Report: No High-Speed Rail Lines for World Cup

Russia might abandon plans to build high-speed rail lines for the 2018 World Cup.

Citing a source "close to deputy Prime Minister Igor Shuvalov," Vedomosti reported Thursday that current thinking is that high-speed rail lines are not essential to the smooth running of the championship and building regular lines and modernizing existing ones should be sufficient.

Funding for the 5.6 trillion ruble ($175 billion) project, which was meant to slash journey times between Moscow and St. Petersburg and Moscow and Yekaterinburg, will not be included in federal spending plans between 2013 to 2015, the newspaper reported, citing several officials.

Since Russian Railways' did not include the high-speed network in its own investment program to 2020, this could mean the end of the project.

A spokesman for High-Speed Rail Lines, the Russian Railways subsidiary, refused to comment on what he called "rumors and gossip" propagated by the paper's anonymous sources.

"The government will make a decision in September, after that decision a date for the tender will be set," he said, adding that the project's continuation depends on that government decision.

A plan to build high-speed rail lines between Moscow and St.

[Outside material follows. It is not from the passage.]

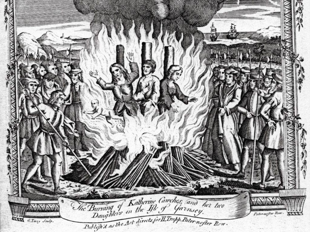 The Guernsey Martyrs were 3 women who were burned at the stake for their Protestant beliefs, in Guernsey, Channel Islands, in 1556 during the Marian persecutions. Guillemine Gilbert & Perotine Massey were sisters, who lived with their mother, Catherine Cauchés (sometimes given as «Katherine Cawches»). Perotine was the wife of a Norman Calvinist minister, who was in London, possibly to avoid persecution. The 3 women were brought to court on a charge of receiving a stolen goblet. Although they were found to be not guilty of that charge, it emerged that their religious views were contrary to those required by the church authorities. They were returned to prison in Castle Cornet & later found guilty of heresy by an Ecclesiastical court & condemned to death. The execution was carried out on or around 18 July 1556. All 3 were burnt on the same fire; they ought to have been strangled beforehand, but the rope broke before they died & they were thrown into the fire alive. John Foxe recorded that Perotine was «great with child» & that «the belly of the woman burst asunder by the vehemence of the flame, the infant, being a fair man-child, fell into the fire.» The baby was rescued, but the Bailiff, Hellier Gosselin, ordered that «it should be carried back again, & cast into the fire»

Petersburg and Moscow and 

Yekaterinburg to carry fans between match cities was unveiled shortly after Russia won its World Cup bid in 2010. Construction work was scheduled to start next year.

The 660-kilometer Moscow to St. Petersburg line, with a price tag of 1.12 trillion rubles, is meant to allow trains between Moscow and St. Petersburg to move at speeds of up to 400 kilometers per hour, making the trip in 2 ? hours.

The second line, linking Moscow to Yekaterinburg via Nizhny Novgorod and Kazan, would cut journey times between the capital and the Urals from 26 to just 8 hours.

The original funding model envisaged the project would be 70 percent financed by the state and 30 percent by a concessionaire.

Several foreign firms had expressed interest in bidding for the project, including Siemens, Hyundai, Alstom and CRCC of China.

Siemens was unable to respond to requests to comment by close of business Thursday. Calls to Alstom went unanswered.

The 2018 World Cup Russia Organizing Committee said that all preparations were "on time and match the commitments that were delivered at the bid stage" and that it is working with the Olympic Games Transport Directorate and the Transportation Ministry to develop a "transport services concept" for the event.

"During the bid stage, Russia committed to use the existing rail links between the host cities after any necessary upgrade to increase comfort and decrease travel time for passengers," the committee said in an e-mailed statement. "Very high-speed rails (over 300 kilometers per hour) were not part of the Russia 2018 bid book," it added.

Besides Moscow, 13 cities are competing for the right to host matches in 2018, including St. Petersburg, Kazan, Nizhny Novgorod and Yekaterinburg.

Other candidates in the Volga region include Saransk, Samara and Volgograd. Krasnodar, Sochi and Rostov-on-Don in the South, and Kaliningrad in the West, are also in the running.

The final list of host cities will be announced in late September or early October.

Although the High-Speed Rail Lines spokesman insisted that the ambitious five-year construction schedule is perfectly feasible, some analysts have warned that the costs make it untenable.

"At a time when rail passenger numbers are falling, it would not have been profitable even in the long term. You're looking at a period of about 50 years for the government to make back its investment," said Andrei Rozhkov, transportation and infrastructure analyst at Metropole.

The fastest rail option between the two cities is currently Siemens' Sapsan trains, which operate on the regular Moscow to St. Petersburg railway line, where they are limited to speeds of 250 kilometers an hour. The trip takes about 4 1/2 hours one way and costs between 1,840 rubles and 6,040 rubles ($59 to $193).

It has proven a hit with business and leisure travelers, and is proof that high-speed rail can compete with air travel in certain circumstances.

"A similar link to the Volga basin — cities like Nizhny Novgorod, Kazan and maybe Samara —could also be competitive," said Rozhkov. "But Yekaterinburg is too far."